C++20 concepts: int not swappable_with int

Question

I'm trying out C++20's concepts, and either std::swappable_with is undefined (Visual Studio, using /std:c++latest) or its constraints are not matched by the MCVE below (g++10 using -std=c++2a) -- that is, int is not swappable with int (!). What's the fix for this? If int can't be swapped with int, I don't see anything working.

#include <concepts> 

template <typename T, typename U>
requires std::swappable_with<T,U>
void mySwap(T& t, U& u)
{
    T temp = t; t = u; u = temp;
}

int main()
{
    int x, y;
    mySwap(x, y);

    return 0;
}

Answer 1

std::swappable_with<T, U> checks whether swap can be invoked (after using std::swap;) with arguments std::declval<T>() and std::declval<U>().

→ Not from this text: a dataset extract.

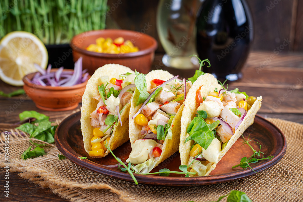 Mexican tacos with chicken meat, corn and salsa. Healthy tacos. Diet menu. Mexican taco.
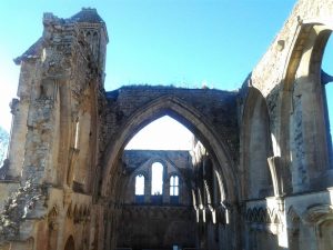 Het terrein van de Abby is een verzameling van ruïnes en overblijfselen van een enorme kathedraal uit de middeleeuwen ( mannelijke energie) en een kleinere kerk/kapel ter ere van Maria, de Ladychapel (vrouwelijk). Ook hier in dit kerkje lag een bron….. Mijn vriendin voelde zich er enorm door aangetrokken maar wist niet dat DAT dus Ladychapel was. Het heeft veel emoties losgemaakt waar we ook healing bij ontvingen. Zonder enig hulpmiddel kon ik voelen waar de leylijnen liepen en de krachtbronnen van energie die vervolgens op die plekken heel sterk vanuit de aarde door je heen stromen en je opladen met….. energy….

With T and U being int, both arguments are rvalues, which cannot be bound to std::swap parameters, since these are (non-const) lvalue references.

---

You wonder that int cannot be swapped with int — that's right, you cannot write std::swap(1, -1);.

Answer 2

Use std::swappable_with<T&,U&> - swappable with cares about value category, encoded by reference, as well as type.

You are in effect asking if rvalues of type int can be swapped. And it says "no"; you cannot swap to rvalue ints.

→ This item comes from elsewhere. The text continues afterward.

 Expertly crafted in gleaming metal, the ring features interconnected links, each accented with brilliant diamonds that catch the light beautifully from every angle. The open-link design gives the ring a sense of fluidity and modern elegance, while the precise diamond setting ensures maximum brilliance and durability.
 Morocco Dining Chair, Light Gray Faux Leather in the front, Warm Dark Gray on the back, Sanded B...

This might be confusing, but if you do this:

template <class T, class U>
requires std::swappable_with<T,U>
void mySwap(T&& t, U&& u) {
  auto temp = std::forward<T>(t);
  t = std::forward<U>(u);
  u = std::move(temp);
}

it becomes a bit more natural. Here, we use forwarding references, and the l/rvalue categories of the argument are stored along side the bare types in T and U respectively.

Note that the above could permit rvalues to be swapped, if objects of that type are swappable_with each other.